Apple did such an interface in the early 90s called the Open Scripting Architecture. It's a very powerful idea, and reasonably well implemented, in fact I understand that Python supports it on the Mac, and Frontier treats Python as a first class scripting language, and look at the distance in license philosophy betw Frontier and Python. Stallman can't bitch, but the user can't tell the difference. It appears as if the two programs are the same.

I've often thought it was sloppy that so much integration in Unix goes on at the source level. It's quicker in the short term, but too heavily reliant on developers. If there were some well-defined interfaces that did runtime binding, users would get exponential power. Why should a spreadsheet only support Python? Don't some people want tcl, and others (shudder) want Perl?

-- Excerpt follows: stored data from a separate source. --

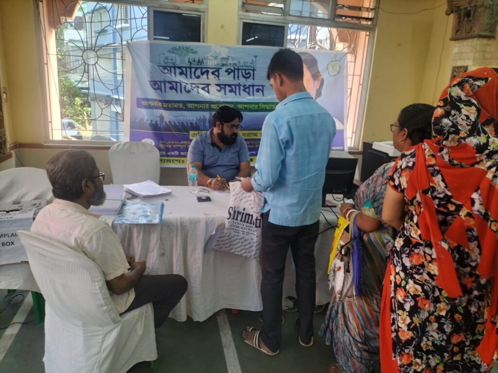 মুখ্যমন্ত্রী মমতা বন্দ্যোপাধ্যায় নতুন প্রকল্প আমাদের পাড়া আমাদের সমাধান সারা পশ্চিমবাংলায় এই প্রকল্পএর শিবির শুরু হয়েছে প্রকল্প আগস্ট মাস থেকে। এর মধ্যে দক্ষিণ ২৪ পরগনা জেলার বারুইপুরে বিভিন্ন গ্রাম পঞ্চায়েতে ও পৌরসভার ওয়ার্ডে বহু শিবির হয়েছে। সোমবার বারুইপুর পৌরসভার তিন নম্বর ওয়ার্ডে একটি কমপ্লেক্সে এই প্রকল্পের শিবির হয়। এই ওয়ার্ডের পৌর পিতা স্বপন মন্ডল বলেন আমাদের পাড়া আমাদের সমাধান শিবিরে ৭থেকে ৮টি অভিযোগ জমা পড়েছে। তারমধ্যে চার পাঁচটি ড্রেন নিয়ে অভিযোগ জমা পড়েছে আর দু তিনটে অভিযোগ জমা পড়েছে বারুইপুর রাসমনি বালিকা বিদ্যালয় এর সামনে রাস্তাটা নিয়ে।
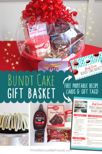 This Bundt Cake Gift Basket will be a huge hit this holiday season! The recipe is a copy cat from Nothing Bundt Cakes Triple Chocolate Bundt Cake– and it’s PHENOMENAL!! Even if you don’t make this gift basket, you should print and bake this recipe!!
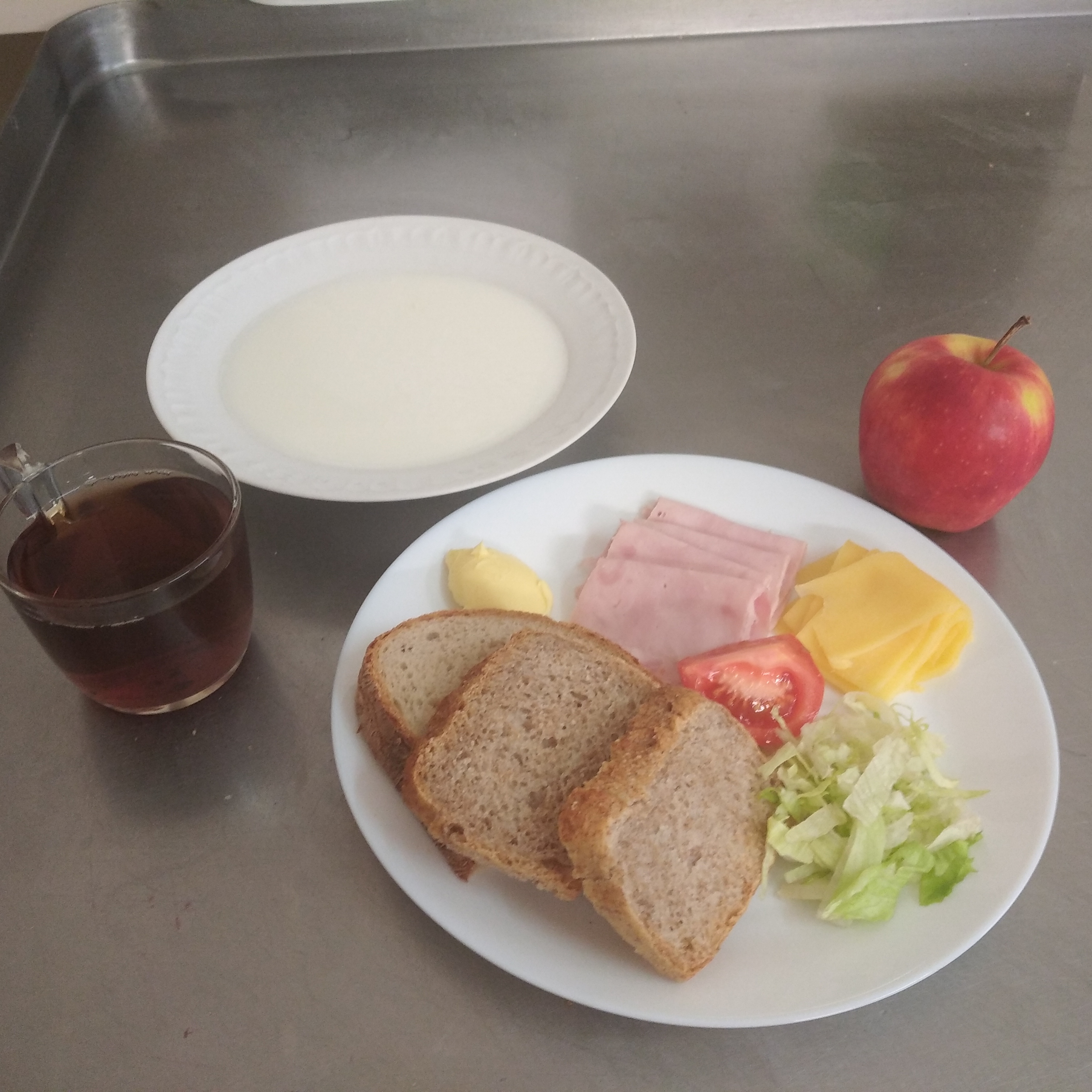 | 9.01.2024 | śniadanie | zupa mleczna z kaszą manną 300ml, chleb/graham 150g, masło 20g, ser żółty 30g, polędwica drobiowa 30g, sałata, ogórek zielony 30g, rzodkiewki 20g, kawa biała 200ml, jabłko | zupa mleczna z kaszą manną 300ml, chleb/bułka 150g, masło 20g, szynkowa z indyka 30g, sałata, polędwica drobiowa 30g,kawa biała , jabłko | zupa mleczna z kaszą manną 300ml, chleb/bułka 150g, masło 20g, sałata,kawa biała 200ml, jajo 50g, pomidor bez skorki 30g, jabłko | chleb graham100g, masło 10g, ser żółty 30g, polędwica drobiowa 30g, sałata, ogórek 30g, rzodkiewki 20g, jogurt naturalny 150ml, kawa biała 200ml, jabłko | |||||

Think about it. This might be one of those ideas your Mac brothers could teach you about, and it could revolutionize the open source world and render the GPL less threatening.

Unless it mentions something about runtime binding, but who the hell is Stallman going to sue? We never agreed to his stinkin license, that's for sure.

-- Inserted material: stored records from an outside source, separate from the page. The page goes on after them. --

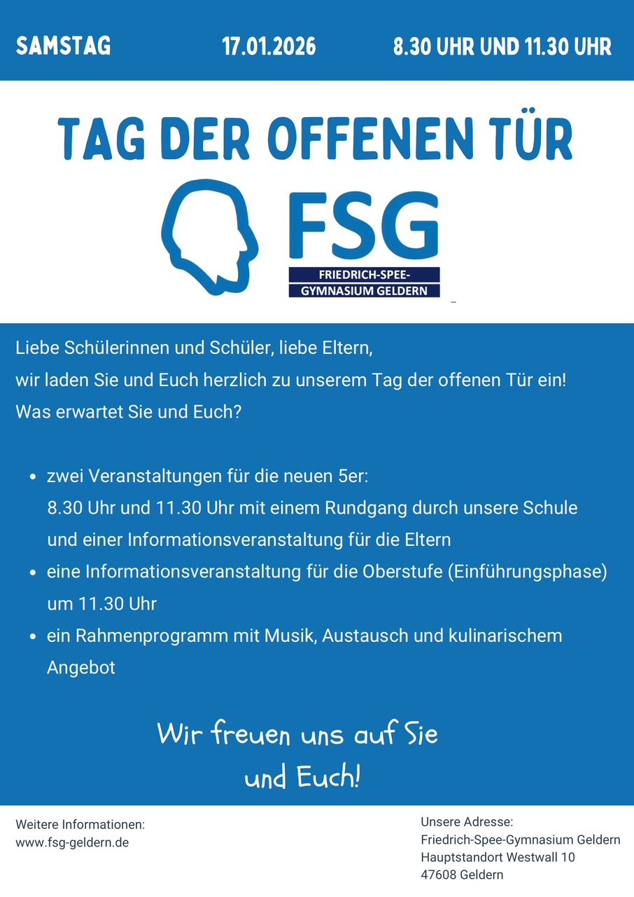 FRIEDRICH-SPEE-GYMNASIUM GELDERN | Westwall 10 | 47608 Geldern | +49 2831 8494 | sekretariat@fsg-geldern.de
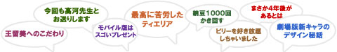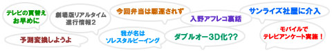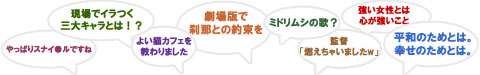 本週的手機廣播是? 本週的手機廣播是劇場版公開前特集! 製作剛結束的水島導演登場!我們即將傳達他熾熱的思潮與感動。 在劇場版公開之際,導演想向各位聽眾調查的內容究竟是!? 請期待節目尾聲水島導演與入野先生的特別禮物! 在手機網站上接受申請,請務必確認看看喔♪ |
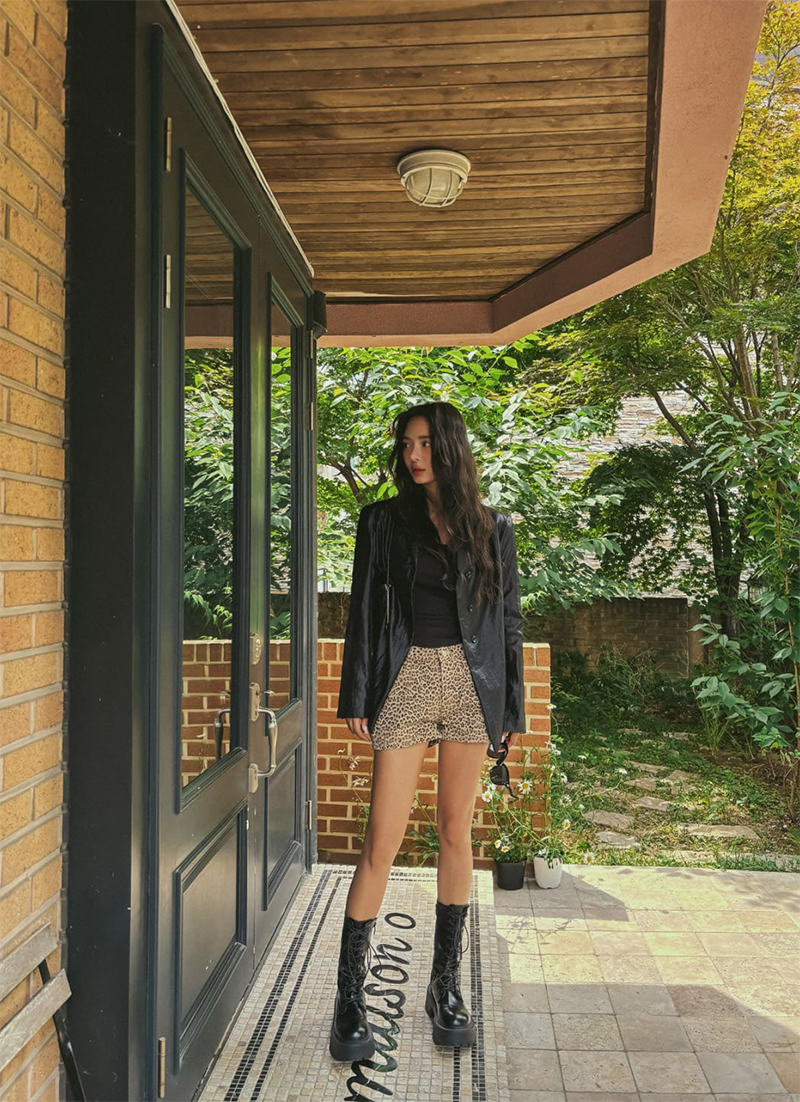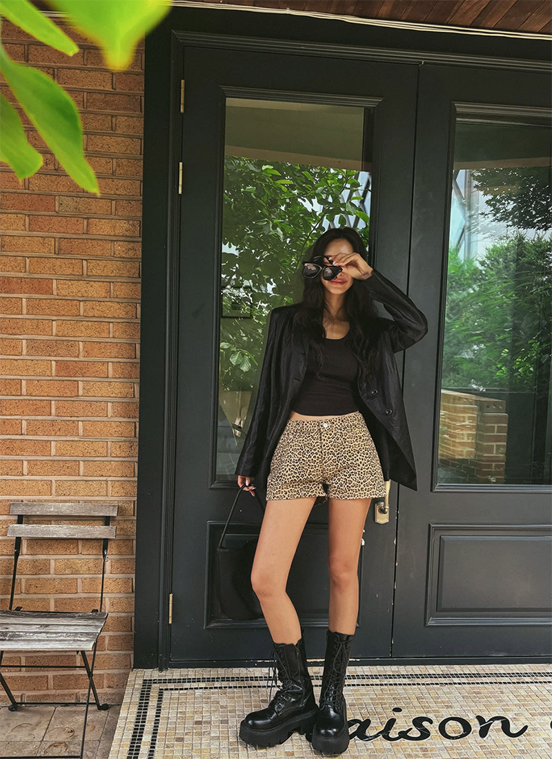 率性豹紋圖騰點亮整體造型
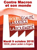 Macron, président des ultra-riches en France. Exécutant indigène d’un système uniquement gouverné par la quête du profit maximum, jusqu’à épuiser la vie des travailleurs et détruire les conditions naturelles de vie de l’humanité. Contre lui, toutes les occasions doivent être saisies, telles que celle du mardi 9 octobre et de ses manifestations (à 10h30 à Angers, place Leclerc, Cholet, place Travot, Saumur, place Bilange et Segré, place du port) à l’appel de FO, CGT, Solidaires, UNL, UNEF et FSU. Il faut nous appuyer sur cette étape de mobilisation pour construire une véritable riposte à Macron.
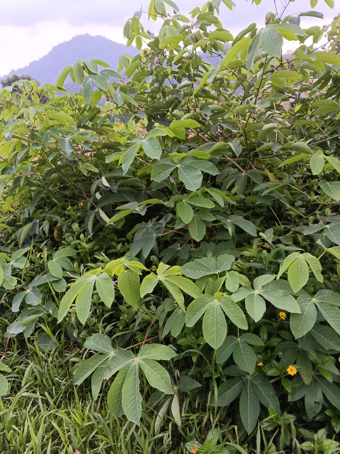 The image captures a dense natural environment, observed from a low perspective, in what appears to be the mountainous periphery of Chengdu, China. The scene is dominated by vibrant green vegetation, primarily consisting of plants with large, multi-lobed, palmate leaves, which form the midground and foreground. Smaller green foliage and occasional small, yellow, daisy-like flowers are interspersed throughout this dense growth. The lowest portion of the foreground reveals various blades of grass and other herbaceous plants. In the background, a large mountain range with indistinct features rises against a light, overcast sky. No people, animals, man-made objects, or structures are visible within the frame. There are no discernible actions or interactions occurring.
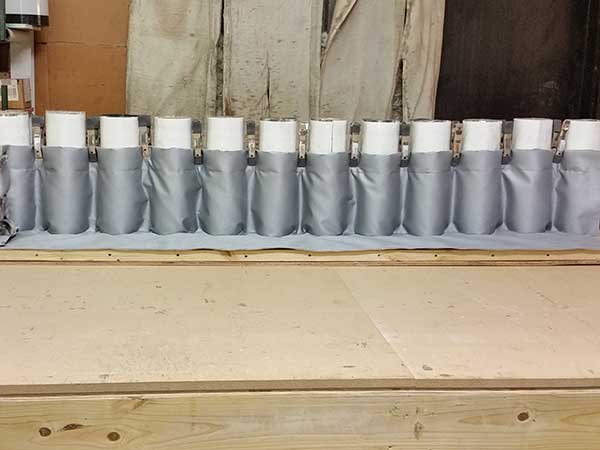 Stress Relieving Pads are used to slow down the cooling process of heated steel during fabrication. This process helps eliminate stress cracks from rapid cooling. Insulated pads are designed and fabricated for reuse.
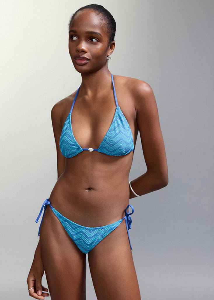 Bikini set. Stretch fabric. Triangle silhouette. Textured fabric. Zig-zag design. Bow fastening on the neck. Side Tie Closures. Adjustable tie details. Shell detail. Mid-rise briefs. Swimwear collection
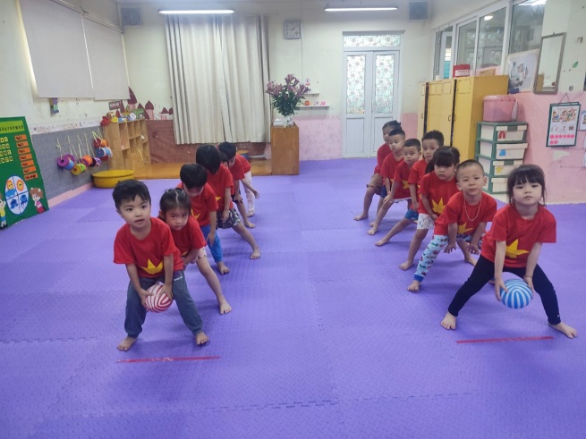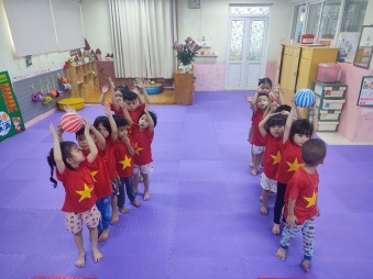 Cuối tiết học là phần trò chơi, đây cũng là phần các con rất hứng thú và mong đợi. Cô tổ chức cho các con chơi trò “Chuyền bóng qua đầu, qua chân” .

BTW, let me get a plug in here for "MacBird" which supports the client side of OSA. If ported to other OSes it could be a simple testbed for a cross-platform open source OSA. (One of the interesting things about MacBird is that it has a recalculating objects. Any object's value can be calculated in terms of other objects, it does spreadsheet-style recalculation. It's one level higher in its scripting connection than HyperCard. (Makes sense because it came out four years after HyperCard.))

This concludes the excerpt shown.